Classification with Naive Bayes

Today, we will see our first machine learning model: Gaussian Naive bayes.

This is a generative classification model

First let’s load the modules and data that we will use today.

import pandas as pd
import seaborn as sns
import numpy as np
from sklearn.model_selection import train_test_split
from sklearn.naive_bayes import GaussianNB
from sklearn.metrics import confusion_matrix, classification_report, roc_auc_score 
import matplotlib.pyplot as plt

iris_df = sns.load_dataset('iris')

sns.set_theme(palette='colorblind')

Introduction to the Iris data¶

We’re trying to build an automatic flower classifier that, for measurements of a new flower returns the predicted species(different types of iris). To do this, we have a DataFrame with columns for species, petal width, petal length, sepal length, and sepal width. The species is what type of flower it is the petal and sepal are parts of the flower.

image of an iris with the petal width, petal length, sepal length and sepal width annotated — Figure 1:The petal and sepal are different parts of a flower, the popular `iris` data contains 150 examples of irises from 3 species and 4 measurements of each: petal width, petal length, sepal length and sepal width

iris_df.head()

The species will be the target and the 4 measurements will be the features.

For the iris data, our goal is to predict the species from the measurements. To make our code really explicit about how we are using each feature we will make variables for the features and target.

feature_vars = ['sepal_length', 'sepal_width','petal_length', 'petal_width',]
target_var = 'species'

We can look at a few things first:

classes = list(pd.unique(iris_df[target_var]))
iris_df[target_var].value_counts()

species
setosa        50
versicolor    50
virginica     50
Name: count, dtype: int64

We see that it has 3 classes: ['setosa', 'versicolor', 'virginica'] and that they all have the same number of samples.

We refer to this as a balanced dataset.

Separating Training and Test Data¶

To do machine learning, we split the data both sample wise (rows if tidy) and variable-wise (columns if tidy). First, we’ll designate the columns to use as features and as the target.

The features are the input that we wish to use to predict the target.

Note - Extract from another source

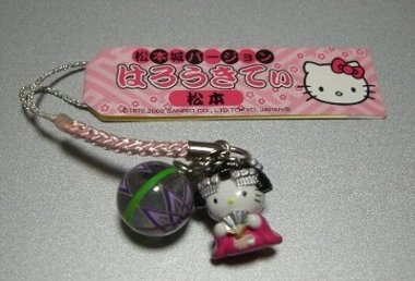 ご当地キティの根付「長野限定 松本城バージョン」お城じゃなくて、お姫様キティですね。手毬もついてるけど、有名なのかな。
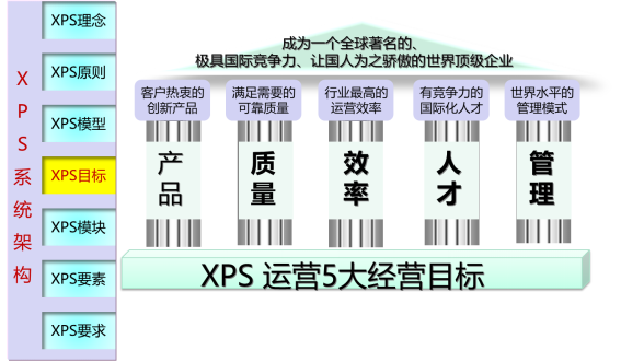 xps的目标是帮助a成为世界顶级的企业,世界顶级的企业必须能够提供客户认可的世界顶级的产品,满足各种需要的世界顶级的质量,行业最高的运营效率,具有竞争力的国际化人才,以及世界水平的管理运营模式

Next, we’ll use a sklearn function to split the data randomly into test and train portions.

The train_test_split function returns multiple values, the docs say that it returns twice as many as it is passed.

random_state_choice = 5
X_train, X_test, y_train, y_test = train_test_split(iris_df[feature_vars],
                                                    iris_df[target_var],
                                                    random_state=random_state_choice)

We passed two separate things, the features and the labels separated, so we get train and test each for each:

X_train is the feature values for training data
y_train is the target values for training data
X_test is the feature values for test data
y_test is the target values for test data

We can look at the training data’s head:

X_train.head()

and the test data

X_test.head()

we see that they have different heads but the same columns. Let’s look at their sizes:

full_r, _ = iris_df.shape
train_r, train_c = X_train.shape
test_r, test_c = X_test.shape
full_r, train_r, test_r

(150, 112, 38)

We see the total data has 150 rows and then 112 will be used for training and 38 for test

these add up:

full_r == train_r + test_r

True

and by default the percentage of training data

train_pct = train_r/full_r
train_pct

0.7466666666666667

We see by default it is 74.66666666666667%

What does Gaussian Naive Bayes do?¶

Gaussian Naive Bayes is a classification model that assumes:

Gaussian = the data is distributed
Naive = indepedent (uncorrelated/near 0 correlation) features (see: Correlation)
Bayes = most probable class is the right one to predict

More resources:

We can look at this data using a pair plot. It plots each pair of numerical variables in a grid of scatterplots and on the diagonal (where it would be a variable with itself) shows the distribution of that variable (with a kdeplot).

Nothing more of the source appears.